Heartaches and harmonies

Today Don Everly — the oldest of the Everly Brothers — turns 68. If you love the Cosmic American Music, you know the Everly Brothers have a constellation all to themselves. They brought the close harmony singing of traditional country music into the mainstream of American popular music. More than a few great artists learned harmony singing by listening to their records. Paul McCartney paid his own sly tribute to them in “Let ‘Em In.”

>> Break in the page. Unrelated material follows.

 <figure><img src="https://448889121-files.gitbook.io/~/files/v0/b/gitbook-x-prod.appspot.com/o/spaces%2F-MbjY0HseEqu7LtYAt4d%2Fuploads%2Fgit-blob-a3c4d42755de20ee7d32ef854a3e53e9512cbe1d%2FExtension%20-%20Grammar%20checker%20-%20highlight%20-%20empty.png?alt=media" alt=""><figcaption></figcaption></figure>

After tearing through a succession of great songs written for them by Felice and Boudleaux Bryant at the end of the 1950’s, they struck out on their own with Warner Brothers in 1960. Some of their most brilliant work followed, including their monster 1960 Warner Brothers hit “Cathy’s Clown.” Even as their audience in the United States dissipated in the wake of the British Invasion, they continued deepening and perfecting their work on superb albums like “Roots” and “Songs Our Daddy Taught Us.” If you ever revisit this material, don’t miss “I Wonder If I Care As Much.”

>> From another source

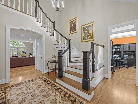 This custom-built, beautifully maintained brick home offers 3,672 sq. ft. of elegant living space. Updates (2019) include refinished hardwoods, remodeled primary bath, interior paint, Berber carpet, & plantation shutters. The primary suite is a retreat with a ceramic-tiled shower, glass enclosure, soaking tub, double quartz vanity with full-height mirrors, and spacious walk-in closet. The kitchen features granite countertops, under-cabinet lighting, a sit-down peninsula, breakfast area, and wet/coffee bar between the kitchen and formal dining room. Main floor includes a dedicated office and large living room with custom built-ins, gas-log fireplace, and French doors to a brick patio. Upstairs offers three bedrooms, two full baths with tiled showers and granite tops, a bonus area, walk-in attic storage, and cedar closet. Exterior highlights include copper front gutters, a backyard storage building, two-car garage with Tesla charger, and new vapor barrier and dehumidifier in crawl space.

Their British fans never really left them. After performing together with their faces a few inches apart from each other for about 20 years, the brothers broke up in public on stage in 1972. When they reunited ten years later, they repaid their debt to their British fans by debuting the reunion in a concert at Albert Hall. Rhino Records recently released a complete, two-disc recording of that concert, and it is magnificent.

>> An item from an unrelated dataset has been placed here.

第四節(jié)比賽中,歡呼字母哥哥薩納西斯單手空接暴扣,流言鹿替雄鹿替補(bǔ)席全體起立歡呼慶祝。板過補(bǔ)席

We saw the Everly Brothers when their reunion tour brought them to Minneapolis in June 1984, and again last year when two of their most attentive students — Paul Simon and Art Garfunkel — brought them to St. Paul as part of their own version of a reunion tour. Seeing them all together last year gave me the occasion to meditate on the emotional pull of the brothers’ close harmony singing in “The deep meaning of Simon and Garfunkel.”